Toch duurde het in Enschede even voordat de wedstrijd echt in een plooi kwam te liggen. Pas na negentig ronden wist de kopgroep een gat te slaan. De pure sprinters lieten daarbij verstek gaan. Mannen als Jorian ten Cate, Harm Visser en Nederlands kampioen Christian Haasjes zaten er niet bij. “Iedereen keek toch al een beetje naar de sprint, op 35 ronden van het eind”, aldus Hoolwerf. “Dan is het ineens dit groepje dat de ruimte krijgt.
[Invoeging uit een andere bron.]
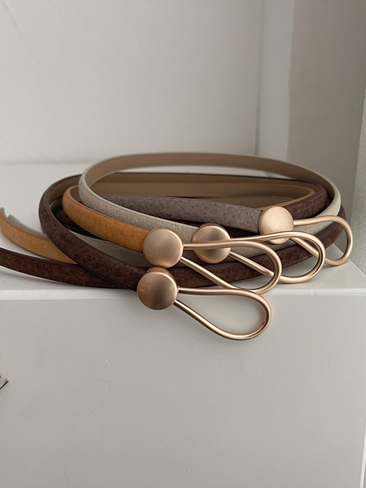 夏季搭配直筒宽松连衣裙的好帮手,莫过于纤细的牛皮腰带了,加上圆润的金属装饰,让你的身材被别人锁定,可以起到吸睛的作用,多色可选,满足你的搭配功力。
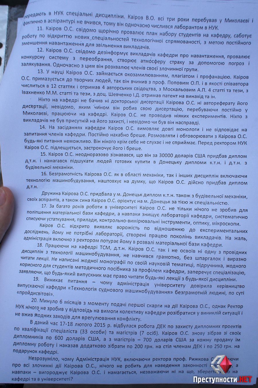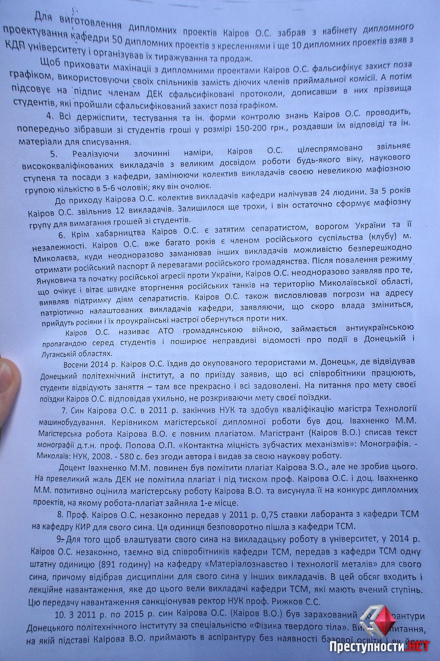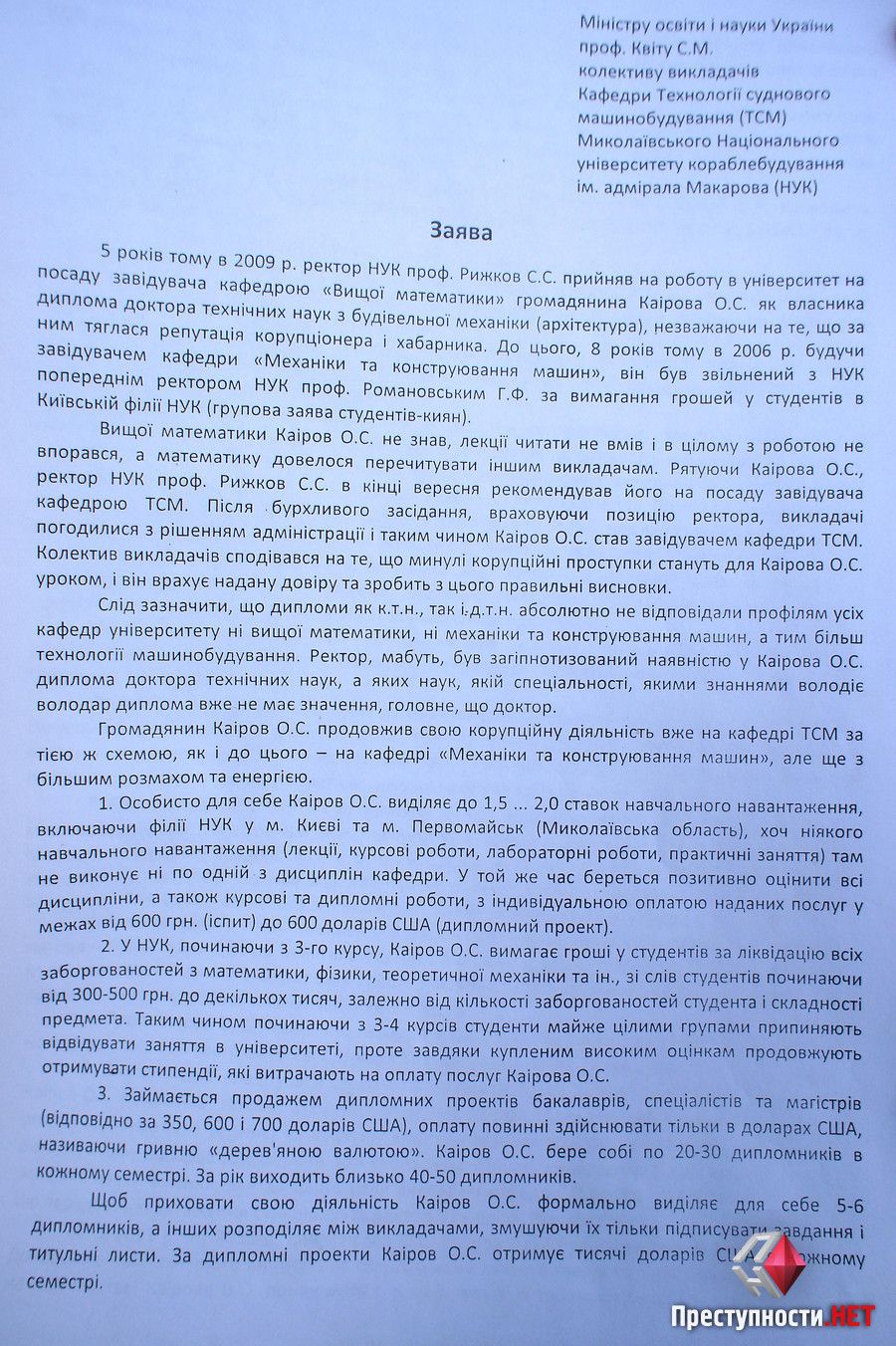Так, сотрудники кафедры во главе с ее доцентом Анатолием Москалевым утверждают, что Алексей Каиров, будучи заведующим кафедры технологий судового машиностроения, систематически вымогает у студентов большие деньги за сдачу дипломных работ, экзаменов и задолженностей. Как указано в заявлении, за диплом бакалавра Каиров берет 300 долларов США, специалиста – 600 долларов, а магистра – 700-750 долларов.

Roy (Boeve, red.) wilde het in eerste instantie ook op een gat houden, maar ik vond dat ze wel konden stoppen met rijden. Ik durfde het wel aan.”
Zo gezegd, zo gedaan, en na een gebaar van Hoolwerf richting de kant kregen de mannen de ruimte. Jorrit Bergsma liet zich afzakken om Gelling richting de ronde voorsprong te helpen en zo werd de ronde voorsprong een feit. De enige rappe mannen vooraan waren Hoolwerf en Gelling, die vervolgens wel nog moesten af zien te rekenen met duo’s van Essent, De Haan Westerhoff en Okay / Vreugdenhil.
“Daan was mijn grootste concurrent. We hadden afgesproken dat we om en om zouden gaan om de mannen van De Haan Westerhoff en Okay / Vreugdenhil Dairy Foods te vermoeien. Daarna zouden we gewoon kijken wie het snelste was en dat bleek nog best spannend. Met zo’n groot peloton raakt het ijs eerder uitgetrapt en dat zijn we niet meer gewend, ook al was het ijs goed vandaag. Het was met kunst- en vliegwerk heelhuids door de bochten proberen te komen, maar zo verloor ik veel snelheid op het eind.”
Uiteindelijk bleek het voor Hoolwerf genoeg om de Reggeborgh-formatie de tweede competitiezege en de vierde overwinning van het seizoen te schenken. Na een lastige seizoenstart voor de groene formatie kwam tijdens de Vier van Noord-Holland de ommekeer. “In het begin van het seizoen werd er heel erg naar ons gekeken”, stelde Hoolwerf vast. “Wij moesten het oplossen, terwijl we niet echt bij machte waren om dat te doen. Nu gaat dat een stuk beter. In de breedte zit er ook meer kracht in het peloton. Meer ploegen gooien de beuk erin.”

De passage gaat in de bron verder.